Over-the-top holiday lights
Christmas light displays can be awesome, tacky, ingenious and extremely expensive. Here's the best in neighborhood lighting extravaganzas, including some near you.
This post comes from Marilyn Lewis of MSN Money.
If your idea of a great and frugal December excursion is piling everyone into the family-mobile for a nighttime tour of holiday light displays, we've got you covered.
To find the best Christmas lights near you, do an Internet search for "holiday lights" and your city's name. Local websites and newspapers usually have written a story or two that will point you to the best gawking.
Best are stretches of adjoining homes where neighbors up and down and across the street work at outdoing each other. You've got to hand it to them. Staging a holiday extravaganza isn't cheap. National Association of Realtors' HouseLogic examined some of these electric bills in 2010.
$82,320 electric bill
The biggest was that of the Faucher family of New Castle, Del. They used a million bulbs and paid $82,320 for electricity that December. That's $686 per hour for four hours each night for a month, says ABC News.
Fox Business did its own look at costs, profiling Lebanon, Tenn., homeowner Chad Barnard. He spends two months assembling his display of 2 million lights spread over eight acres -- and two months dismantling it. "Usually I'm with it six months out of the year," Barnard says.
The display costs him $5,400 in electricity over the holiday season. He charges a $10 per-car admission fee. People from neighboring states drive to visit his display between Thanksgiving and New Year's.
Huge commitment
Setting up a big home display can be all-consuming. The most deeply hooked attend the Christmas Expo, says ABC News. The next one will be held July 11-13 at the convention center in Gatlinburg, Tenn.
With competition like this, the pressure on neighbors can sometimes be too much. That's apparently the case for an Arizona woman this year. Says Fox News:
"Using red and green lights, Kristina Green of Maricopa spelled out the word 'ditto' and made an arrow pointing toward her neighbor's home.
"KNXV-TV reports that Green's display is made of around 600 lights. Her neighbor's setup has about 16,000 colorful lights."
She wasn't the first to try this cop-out, according to Curbed.
Tasteful and tacky
"Tastefully executed Christmas decorations can evoke a sense of awe and grandeur," as The Huffington Post puts it. But tacky is sometimes great, too. HuffPo's slide show features some of the most garish displays around the world. Think inflated Santas, elves, trees, wacky snowmen, reindeer, a plastic chimney, a Christmas frog, sleighs and plenty of other kitsch. And that's just at one (No. 18 of 25) of the homes. Our favorite is the funky peace-on-Earth house (slide 14 of 25.)
The custom of lighting homes apparently originated in 18th century Germany, where upper-class homes put candles in their windows.
Japan has a history of improving on Western innovations (chocolate, beer, electronics, films, to name a few).
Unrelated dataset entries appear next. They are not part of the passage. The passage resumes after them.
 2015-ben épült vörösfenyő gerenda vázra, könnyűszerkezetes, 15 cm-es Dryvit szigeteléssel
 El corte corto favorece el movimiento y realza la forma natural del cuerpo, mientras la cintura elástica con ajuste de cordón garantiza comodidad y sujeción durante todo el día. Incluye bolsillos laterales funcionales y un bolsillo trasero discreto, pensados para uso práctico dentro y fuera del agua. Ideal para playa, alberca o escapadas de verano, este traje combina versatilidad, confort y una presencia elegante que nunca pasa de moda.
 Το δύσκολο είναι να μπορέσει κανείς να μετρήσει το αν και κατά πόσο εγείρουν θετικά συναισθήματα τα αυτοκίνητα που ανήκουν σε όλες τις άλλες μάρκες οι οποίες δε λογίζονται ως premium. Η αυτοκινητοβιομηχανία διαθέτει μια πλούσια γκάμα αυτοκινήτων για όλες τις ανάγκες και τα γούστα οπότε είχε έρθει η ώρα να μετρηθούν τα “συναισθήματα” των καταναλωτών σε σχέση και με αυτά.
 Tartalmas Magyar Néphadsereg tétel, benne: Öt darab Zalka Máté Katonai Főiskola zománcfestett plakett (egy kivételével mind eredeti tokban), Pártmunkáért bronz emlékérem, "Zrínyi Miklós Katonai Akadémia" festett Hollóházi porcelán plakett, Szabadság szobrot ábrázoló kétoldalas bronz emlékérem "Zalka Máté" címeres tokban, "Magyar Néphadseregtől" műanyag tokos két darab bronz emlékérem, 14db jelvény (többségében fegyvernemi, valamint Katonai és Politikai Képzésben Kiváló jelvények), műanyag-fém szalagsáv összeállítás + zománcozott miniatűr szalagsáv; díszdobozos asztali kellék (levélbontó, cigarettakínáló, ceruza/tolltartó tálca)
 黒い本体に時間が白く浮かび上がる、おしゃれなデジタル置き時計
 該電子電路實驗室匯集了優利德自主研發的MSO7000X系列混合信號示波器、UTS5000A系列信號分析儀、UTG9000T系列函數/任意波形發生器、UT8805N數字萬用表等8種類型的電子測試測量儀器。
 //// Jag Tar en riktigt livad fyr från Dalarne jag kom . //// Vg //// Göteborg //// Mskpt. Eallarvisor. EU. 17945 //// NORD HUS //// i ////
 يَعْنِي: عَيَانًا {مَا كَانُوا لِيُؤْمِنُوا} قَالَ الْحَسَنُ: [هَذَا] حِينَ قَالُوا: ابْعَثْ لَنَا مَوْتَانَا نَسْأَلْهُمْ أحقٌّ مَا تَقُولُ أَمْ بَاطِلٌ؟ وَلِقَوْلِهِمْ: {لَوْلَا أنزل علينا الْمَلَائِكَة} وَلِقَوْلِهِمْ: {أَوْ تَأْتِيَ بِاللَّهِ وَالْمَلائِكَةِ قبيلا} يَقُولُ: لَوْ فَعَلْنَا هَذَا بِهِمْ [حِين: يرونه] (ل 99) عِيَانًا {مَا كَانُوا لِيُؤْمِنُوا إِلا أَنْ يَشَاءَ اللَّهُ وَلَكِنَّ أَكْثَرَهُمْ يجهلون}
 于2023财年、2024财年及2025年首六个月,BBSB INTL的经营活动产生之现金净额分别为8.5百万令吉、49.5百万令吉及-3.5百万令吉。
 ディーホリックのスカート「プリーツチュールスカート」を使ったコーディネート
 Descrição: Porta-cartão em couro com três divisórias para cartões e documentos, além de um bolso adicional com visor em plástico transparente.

Christmas celebrations are relatively new in Japan but they may be headed that way, too. The evidence: this YouTube video, "Insane Christmas lights in Japan," of one family's Christmas fantasyland in rural Japan. It appears to have been shot in 2009.
Best viewing in the U.S.
Closer to home, real-estate Web site Redfin names its favorite five holiday neighborhoods in the U.S. You have to take the "national" part with a grain of salt, since Redfin operates in just 14 states and Washington, D.C.
Redfin's top five are:
- Dyker Heights in Brooklyn, N.Y. (take the "Christmas Lights and Cannoli" tour).
- "Miracle on 34th Street," in Baltimore.
- Peacock Lane in Portland, Ore.
- 37th Street in Austin, Texas.
- South 13th Street in Philadelphia.
Redfin also compiled a list of great displays in 17 metro areas. "The list is based on input from Redfin real-estate agents, whose dozens of home tours a month require them to drive through neighborhoods," says the company.
No need to leave home
But for pure entertainment, you can also stay home and observe via your computer. Two hands-down winners are in Cathedral City, Calif., and in Austin, where homeowners married high tech with tradition.
The Simmons home, near Palm Springs, is the creation of Michael A. Simmons, a tech lighting professional. He put up his animated light show on Nov. 23. Simmons told the Yellow Pages site (which has maps, directions and descriptions of 15 great home displays across the U.S.) that his 150,000 LED lights are linked to 2,600 computer-controlled lighting and animation channels. This makes the lights appear to "dance" to holiday music that's broadcast from the Simmons home by short-range radio (at 107.5 FM).
Finally, this Austin household has programmed its ingenious light display to dance to (among other tunes) a madcap cover of the Angry Birds Theme Song by Pomplamoose.
Speculating about what such endeavors say about our culture is another time-honored tradition. Evolutionary biologist David Sloan Wilson, at Binghamton University in New York, says holiday lights reflect well on us. "It turns out that this urge to decorate your house is an expression of neighborliness," Wilson told the Chicago Tribune. "Some of the best neighborhoods literally glow more brightly."